A reflexão acerca da dimensão ética do agir e, em particular, acerca dos seus fundamentos, a que se dedicará o presente trabalho, exige uma clarificação e delimitação da especificidade do agir moral, bem como da linguagem e do discurso mediante os quais os seres humanos legitimam as suas acções como boas ou más, justas ou injustas, responsáveis ou irresponsáveis. Neste sentido, à reflexão filosófica sobre essa dimensão ética do agir, chamamos Ética – que importa distinguir da Moral. Apresentaremos de seguida a delimitação dos respectivos objectos de estudo.

A Moral encontra-se ligada à aplicação concreta de certas regras morais – e devemos constatar que existe uma grande diversidade de morais –, e a situações do dia-a-dia perante as quais somos obrigados a decidir. Por isso, a moral está ligada à dimensão convivencial e comunitária da vida dos homens. Ora, existindo em qualquer sociedade interdições, regras, normas, etc., a moral surge relacionada com os comportamentos dos homens relativamente às obrigações que socialmente devem cumprir no âmbito da coexistência interpessoal. A moral surge ligada à noção de obrigação, à acção em conformidade com o dever.

A Ética será a reflexão acerca dessa esfera da conduta humana a que chamamos moral. Com mais rigor, a Ética poderia ser definida como a ciência ou teoria que tem por objecto a moral, ou seja, a experiência e o comportamento dos seres humanos, considerados sob o prisma da bondade ou da maldade, da justiça ou da injustiça, do recto ou do não recto, do obrigatório ou do proibido. A Ética preocupa-se com a fundamentação racional das normas morais e, de uma forma mais vasta, com o agir humano.
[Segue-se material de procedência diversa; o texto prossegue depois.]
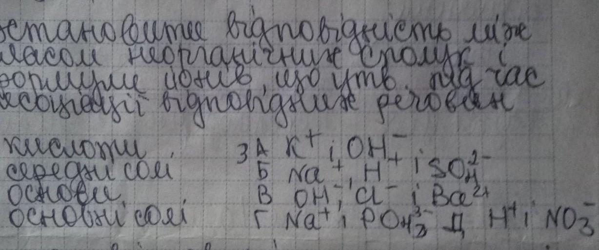 установіть відповідність між класом неорганічних сполук та формулами йонів, що утворюються під час дисоціації відповідних речовин
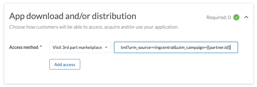 For example, the text below when placed in your app's "Access method" field will construct a link with campaign code equal to the partner's short name.
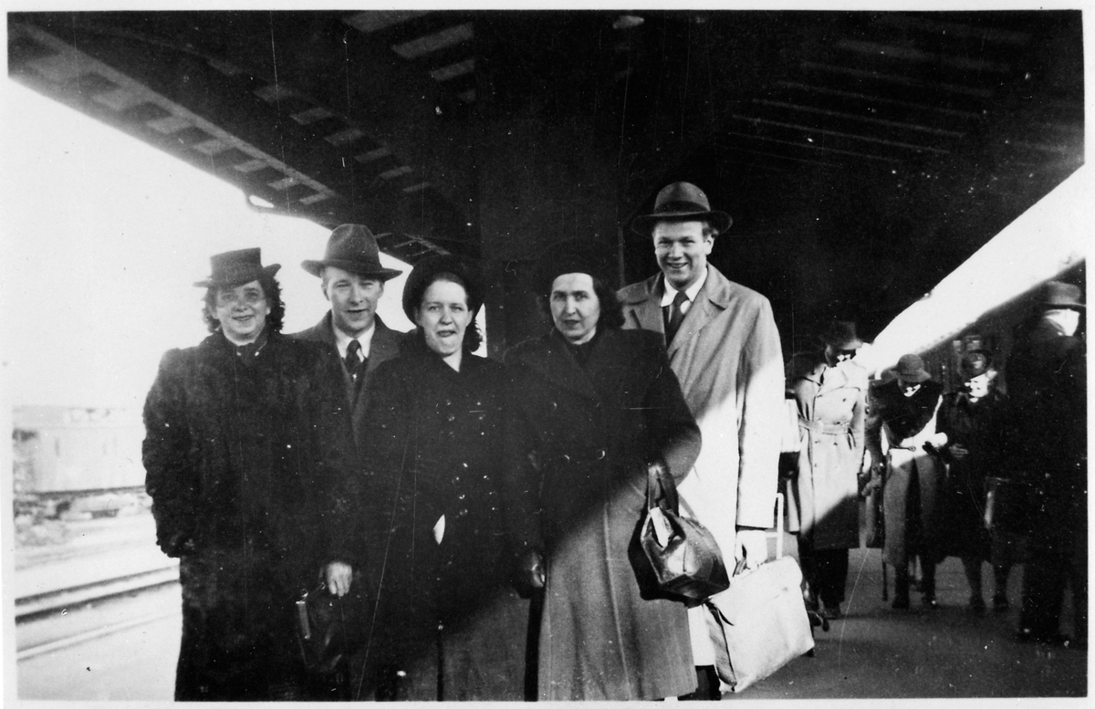 Titel: Servitör Erik Ljung tillsammans med hovmästare och kökspersonal från en Restaurangvagn.
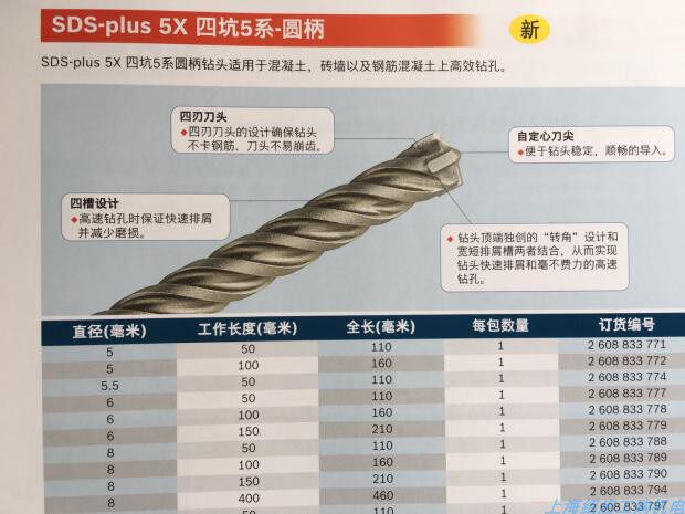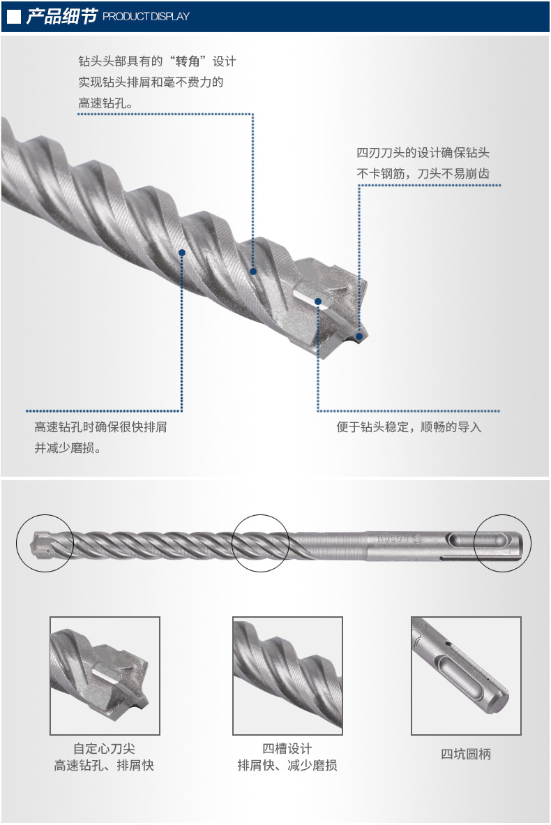 Bosch SDS-plus5 series of round four-pit round handle two pits two-groove electric hammer drill reinforced concrete drill with four blades 6-16
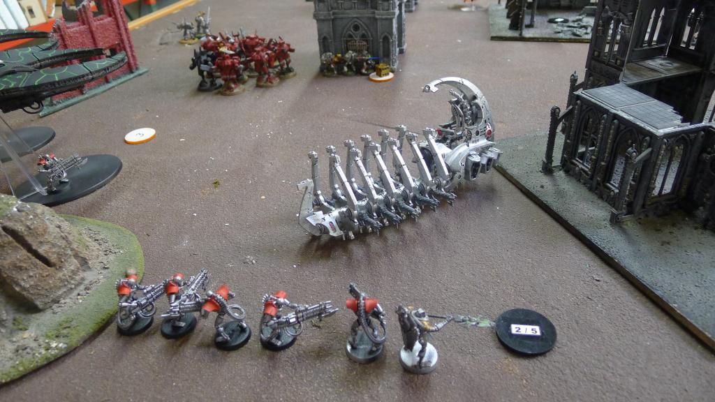 BTW, you might want to consider redesigning your list slightly. Your list currently matches up well against my AV13 Necrons, but you are going to find it works much, much differently against something like my Wraithwing Necrons. A good tournament Take-All-Comer's list needs to be very well rounded so that it can handle any threat thrown at it.
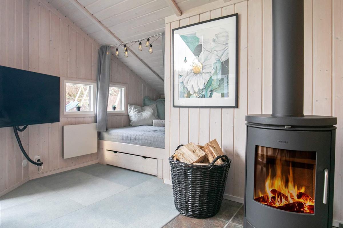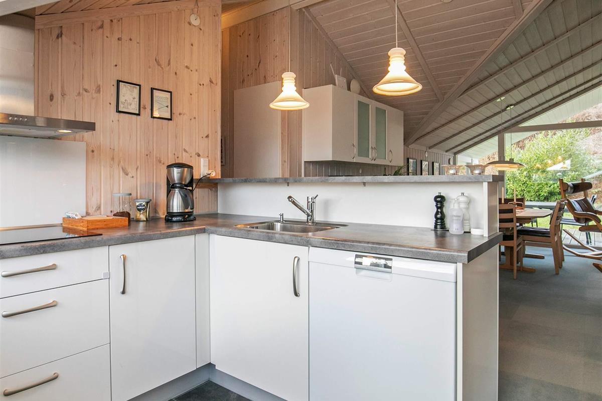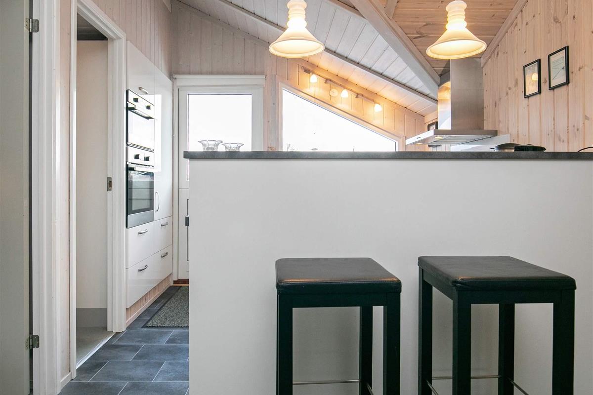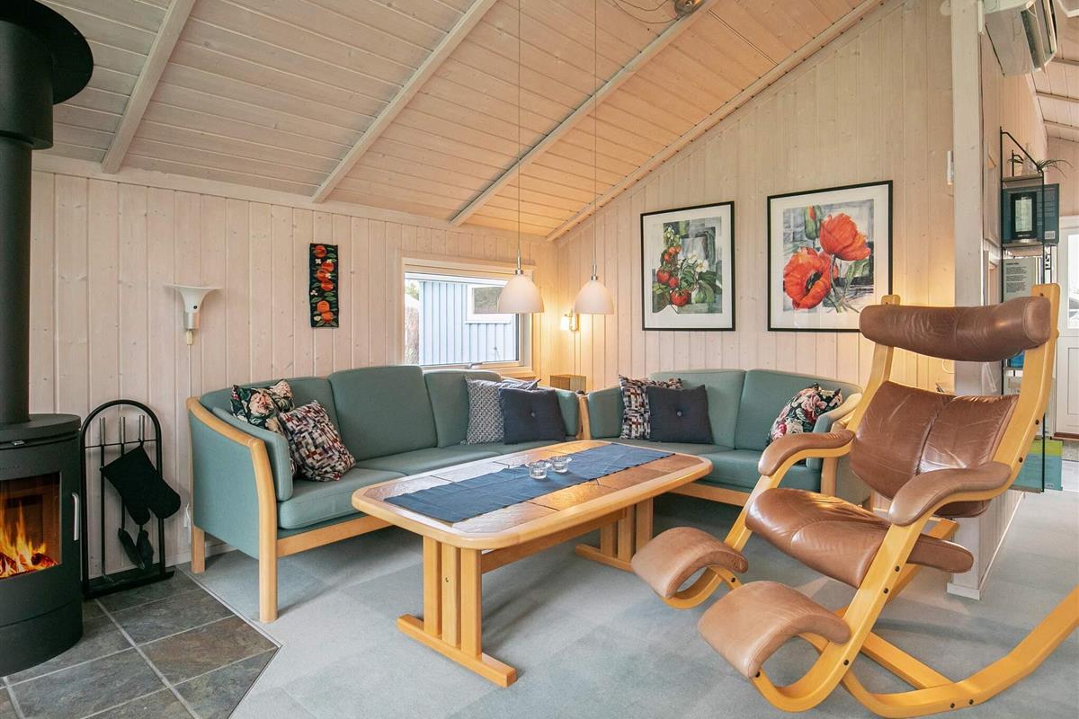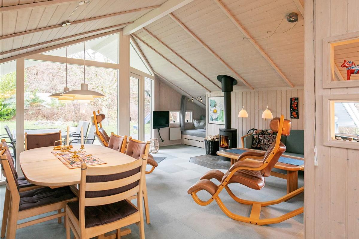 Innen erwartet Sie ein offener Küchen-/Wohnbereich, inklusive Essecke und Holzofen, ausgestattet mit gutem Mobiliar von bester dänischer Qualität. Umfassendes Kücheninventar mit u.a. Induktionsherd und eingebautem Badkofen sowie Geschirrspüler.
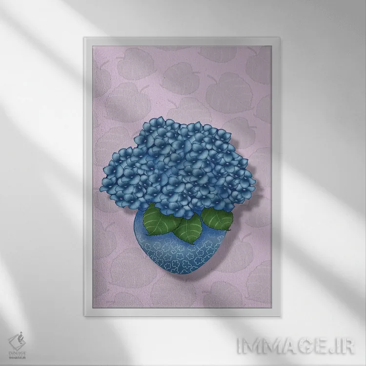 تابلو هورتانسیا در گلدان آبی اثر آن هاچینسون - نمای قاب‌دار سفید
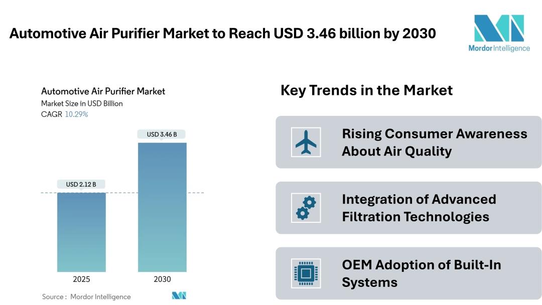 Automotive Air Purifier Market To Reach USD 3.46 Billion By 2030, Driven By Rising Air Quality Concerns And Cabin Health Awareness Mordor Intelligence
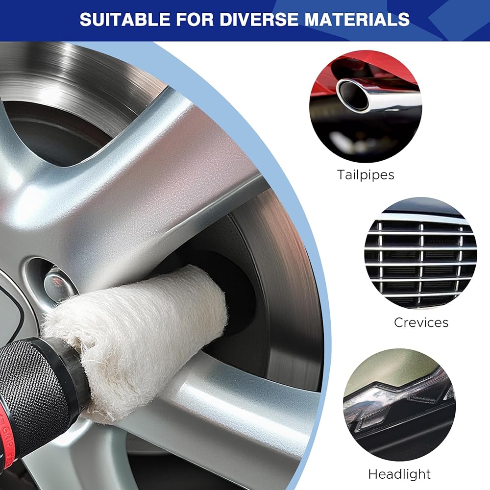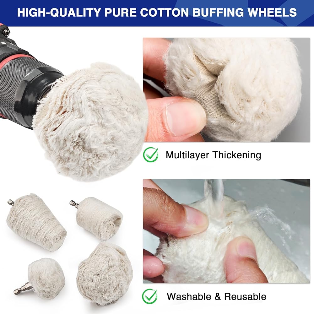 【Premium Multi-Layer Cotton】White Cotton Polishing Wheel is crafted from 100% soft white Cotton with dense layers. Gentle yet durable, these pads won't scratch car paint, chrome, or furniture while delivering an excellent polishing effect
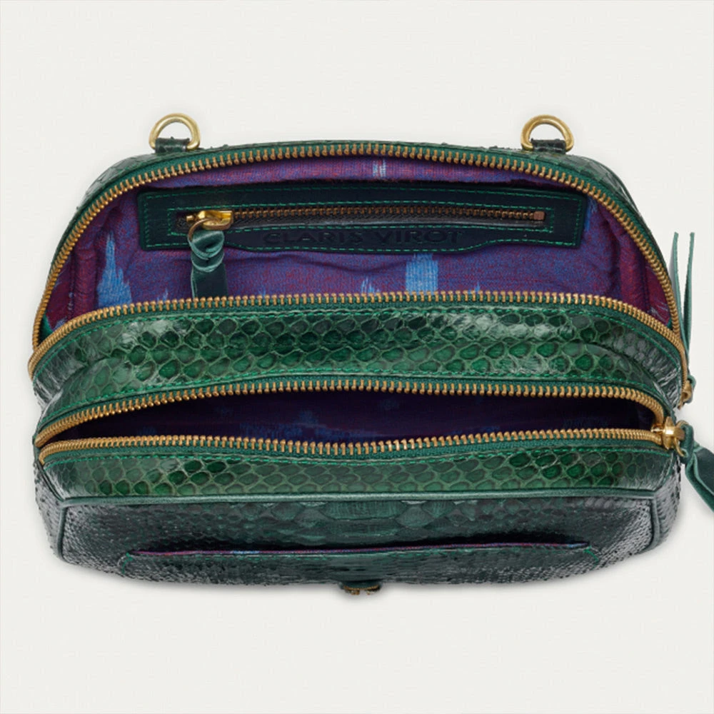- Porté épaule ou croisé, le modèle Clara est organisé en deux compartiments avec une poche interne zipée ainsi qu’une poche à l’avant ornée d’un bijou en laiton prenant la forme d’un scarabée
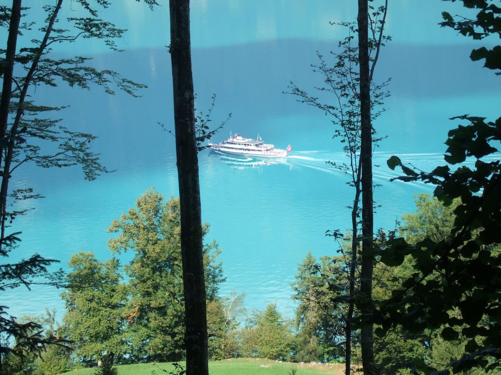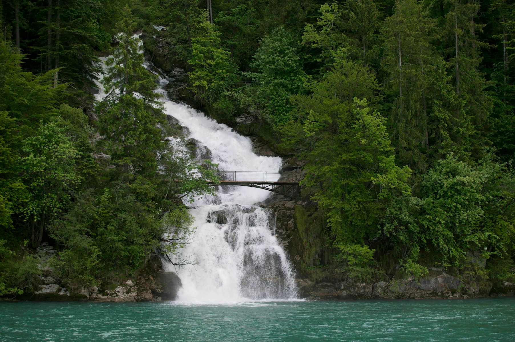 Links führt ein Wanderweg zum Mülibach und hinter den Wasserfall Mülibach oberhalb von Isetwald. Die Szenerie wechselt nun zwischen schönen Wäldern und offenen Feldern mit Blick auf den Brienzersee, bis die eindrücklichen Giessbachfälle auftauchen. Kaskadenähnlich stürzt das Wasser hier senkrecht in den türkisfarbenen See (Etappe 2).
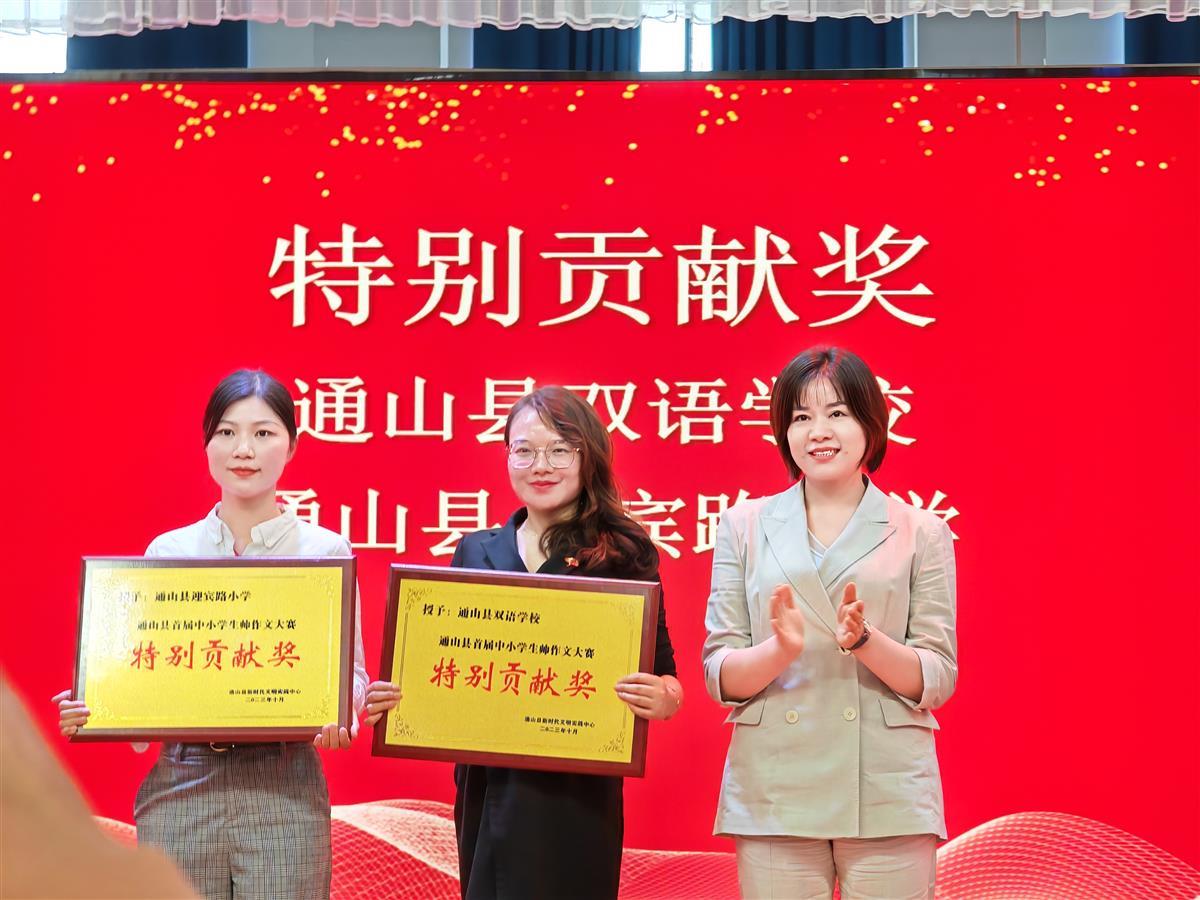 文明如水,润物无声。11月1日下午,湖北通山县首届中小学生帅作文大赛颁奖活动在通山县双语学校隆重举行。聚光灯下,30名获奖学生代表及11名优秀指导教师代表走上领奖台,成为文明通山的“代言人”。通山县委常委、宣传部部长张晓丹等出席活动。

Citando Fernando Savater:

«Moral é o conjunto de condutas e normas que tu, eu e alguns dos que nos rodeiam costumamos aceitar como válidas; ética é a reflexão sobre o porquê de as considerarmos válidas, bem como a sua comparação com outras “morais”, assumidas por pessoas diferentes.»[10]


§ 5. Ética, Deontologia e Política.

Ao longo da história, registam-se duas posições éticas fundamentais: éticas consequencialistas e éticas intencionalistas Uma dá prioridade ao conteúdo da acção moral; a outra à forma; a primeira afirma que o valor de uma acção se mede pelo valor dos seus resultados, pelas suas consequências, pelo que se considera bom num determinado momento; a segunda defende antes o valor da intenção com que uma acção é feita, em consonância com o dever.

Os partidários das éticas consequencialistas defendem uma perspectiva teleológica: o valor de uma acção depende sobretudo do bem ou finalidade perseguidos (a felicidade, o prazer, a boa vida, o bem-estar). Assim pensa a ética consequencialista, da qual o utilitarismo de Stuart Mill é um exemplo paradigmático[11]. É uma ética material, na qual a prioridade é concedida ao conteúdo, ao que é considerado bom.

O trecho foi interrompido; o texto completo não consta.